第42話 方法は一つ
私は学校から帰ってきてから、お兄様にある相談をしていた。
それは、家庭科部に見学に来たプリネさんと関わりについてのことだ。
「お前の質問の答えだが、それは俺も難しいことと言わざるを得ない」
「え?」
私のどうしたら友達になれるのかという質問に、お兄様はそう返してきた。
どうやら、お兄様でもこの問題は難しいようだ。
「まず前提として、俺は身分の差による考え方の違いはある程度仕方のないものだと認識している」
「身分の差ですか……?」
「ああ、この国では大きくわけて、貴族と平民という身分が存在する。貴族が上で、平民が下。それが、この国での決まりだ」
「はい……」
お兄様の言うことは、なんとなく理解できた。
まず、平民のプリネさんにとって、貴族の私は明確に上に位置する存在と認識されている。
それによって、意識に差が生じるのは仕方ないこと。私がプリネさんと友達になりたいと思っても、向こうはそう思えない。お兄様は、そう言っているのだ。

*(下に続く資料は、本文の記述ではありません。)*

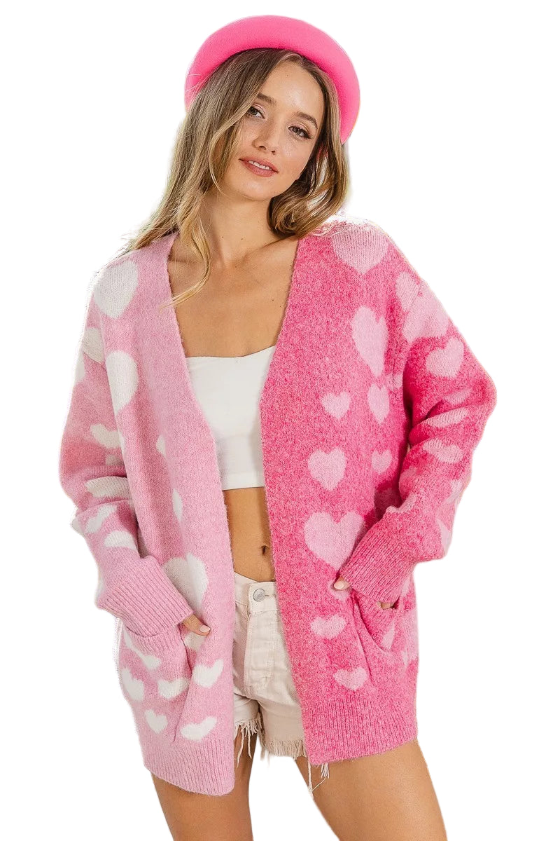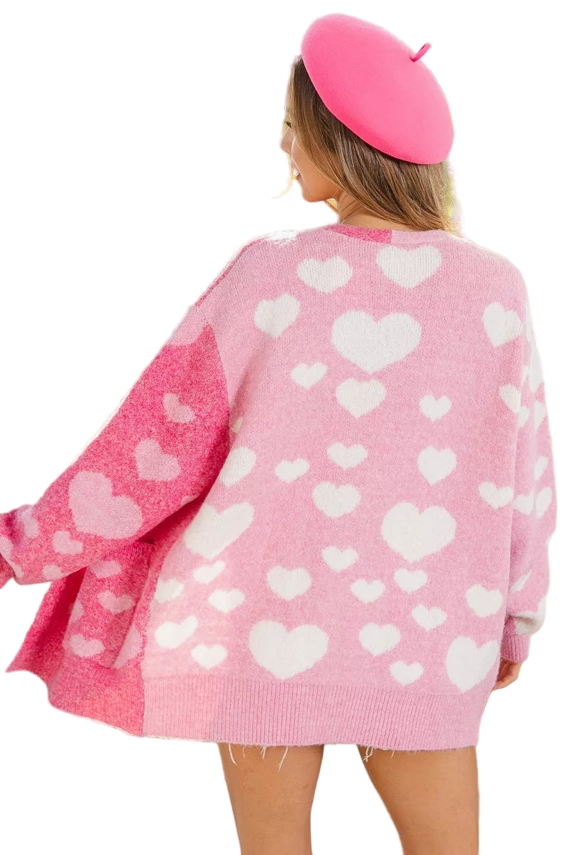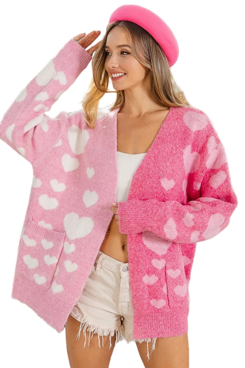 Wrap yourself in the warmth of romance with the BiBi Heart Color Block V-Neck Knit Cardigan. This enchanting piece, adorned with a playful heart design, invites you to embrace your whimsical side while staying effortlessly chic.

「故に、お前が友達になりたいと思った女生徒の態度は、当然のものだといえる。上に立つ者を敬い、対等な関係を拒否する。貴族としては、むしろ好ましい類の平民だ」
「はい……」
「貴族は貴族、平民は平民。それを線引きするのが、この国での正しい在り方だ。故に、平民と友達になりたいというお前は、貴族としては間違っているということになるだろう」
お兄様の言うことは、正論だ。
平民の人達が、貴族を怒らせないようにするのは当然のことである。なぜなら、貴族を怒らせた場合、何かをされる可能性があるからだ。
身分の差というものは、それができるだけの力の差なのである。よって、プリネさんの態度は至極全うだといえる。
そして、私の態度は、そんな彼女を苦しめるものだ。身分が上の者から対等を要求される。それは、苦しいことだろう。
「ただ、我が学園の方針としては違う」
「え?」
「俺は学園を建てるにあたって、そのような弊害は取り払うことにした。貴族であろうと、平民であろうと学園に入れる。そして、平民が貴族よりも優れているというなら、真っ当に評価する。それが、我がフォルシアス学園の鉄則だ」
そこで、お兄様の話の流れが変わった。
ここからが、お兄様の本心であるようだ。
「故に、身分を越えたいというお前の考えも理解できる。身分を見ず、相手の内面を見て評価するのは、我が学園の方針に沿っているだろう」
「お兄様……」
お兄様は、私の考えも理解してくれている。
だが、プリネさんの考えも真っ当だと思ってはいる。
そのために、この問題を難しいものだと言ったのだろう。
「さて、今まで色々と言ってきたが、結局はお前が何をするべきかが、この問題の本題だ」
「はい……」
「それが何か……」
お兄様は、そこで一度言葉を区切った。
それは、何かを考えているかのように見える。
やはり、お兄様でもまだ答えは出ていないのだろうか。
「いや、はっきりと言おう。身分の差をすぐに破壊できるものなどない」
「え?」
「人間と人間の関係を変えるのは難しいことだ。故に、すぐに仲良くなることなどできないだろう」
お兄様の言葉に、私は驚いてしまう。
結局、方法などないとお兄様は言いたかったのだろうか。
いや、そうではない。私はすぐに考え方を切り替える。
「ふ、気づいたようだな」
「はい。お兄様は、すぐに仲良くなる方法はないと言いました。だから、時間をかければいいということですね?」
「ああ、その通りだ。この問題に、近道などありはしない。何度も話して、距離を近づける。それ以外に方法はない」
お兄様が言いたかったことは、そういうことだったのだ。
私の努力が、プリネさんとの距離を近づけられる一番の近道なのである。
「かつてお前は、そこにいる引きこもりの心を開いてみせたのだ。故に、心配はいらん。そいつ以上のものなど、中々ないだろうからな」
「お、お兄様に言われたくはありませんね……」
「ほう……?」
「ふぎぃ!」
そこで、お兄様はレティのことを言ってきた。
そういえば、ここに来たばかりの時は、レティやお兄様とも打ち明けていた訳ではなかった。
あの時の気持ちで、プリネさんにも接すればいいのだ。
こうして、私は新たにやる気を出すのだった。